_ABOUT THIS EXERCISE_
Repeat, exactly as written, the lines from the one with "为我们掌舵的是一位摩梭族大叔,和印象中的划船不同,泸沽湖这边都是单侧操作的。" to the final line of the listing, and keep every picture out.
BEGIN COLLECTED DATA
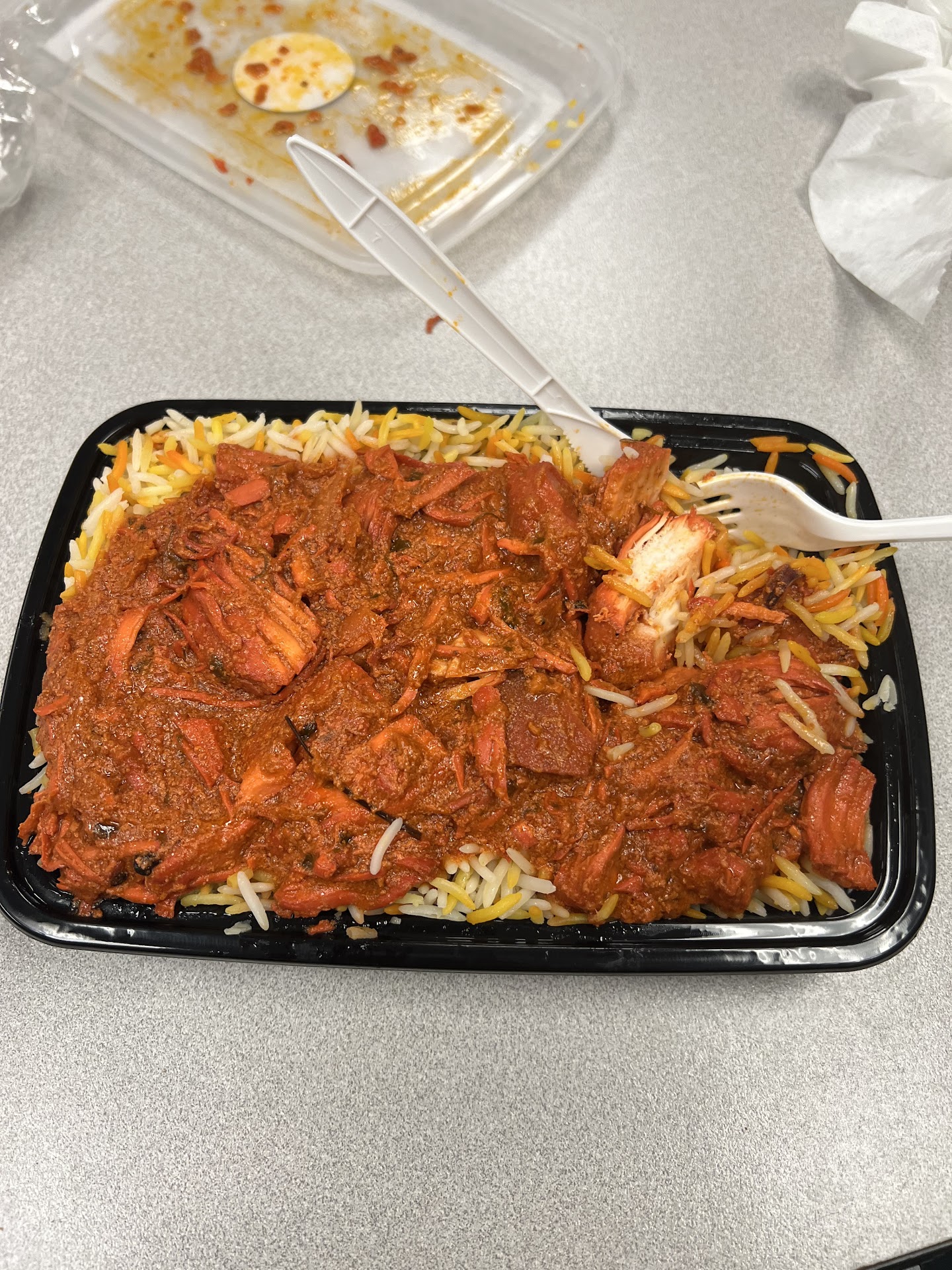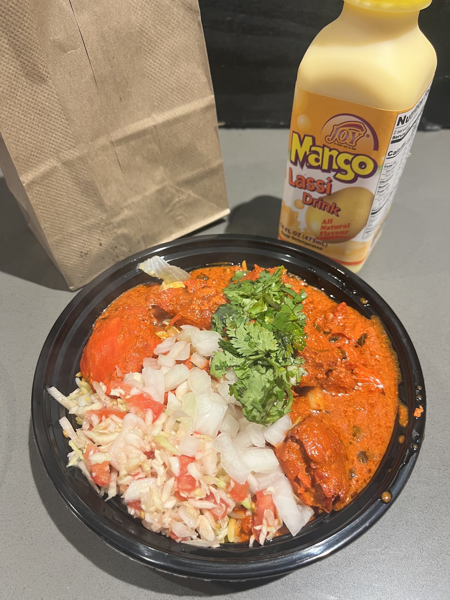 The staff member gave me the plastic contained and they didnât have bags to take it in, which was odd seeing as how the meal is curry based and leaks from plastic containers. She said it was her first day and doesnât know where the bags are.
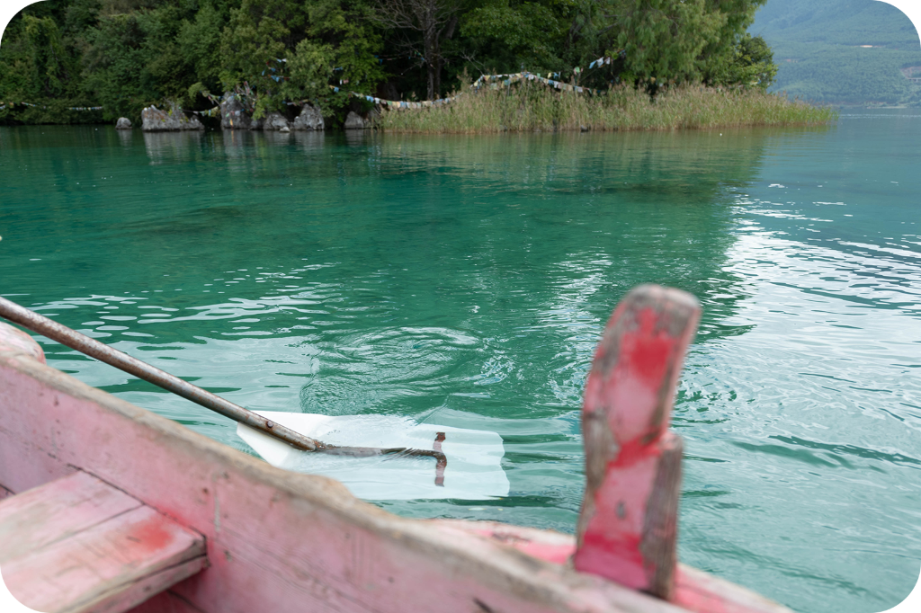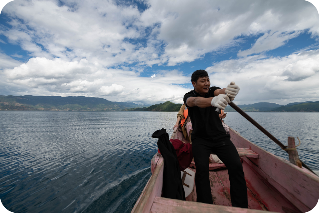 为我们掌舵的是一位摩梭族大叔,和印象中的划船不同,泸沽湖这边都是单侧操作的。
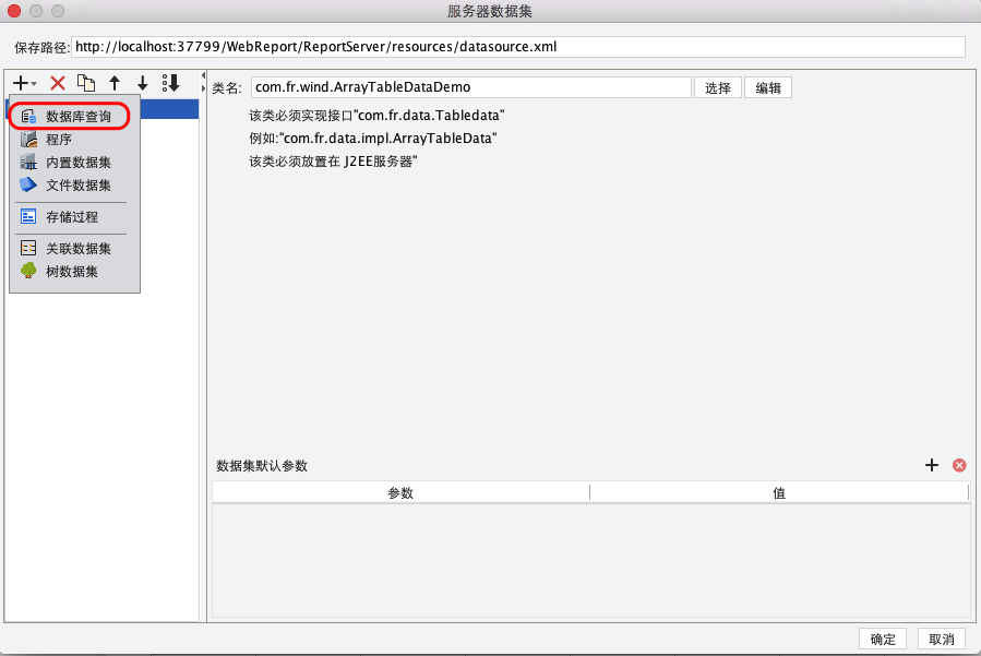 在弹出的服务器数据集配置页面点击“+”>数据库查询:
END COLLECTED DATA
_EXERCISE OUTPUT_
 为我们掌舵的是一位摩梭族大叔,和印象中的划船不同,泸沽湖这边都是单侧操作的。
 在弹出的服务器数据集配置页面点击“+”>数据库查询:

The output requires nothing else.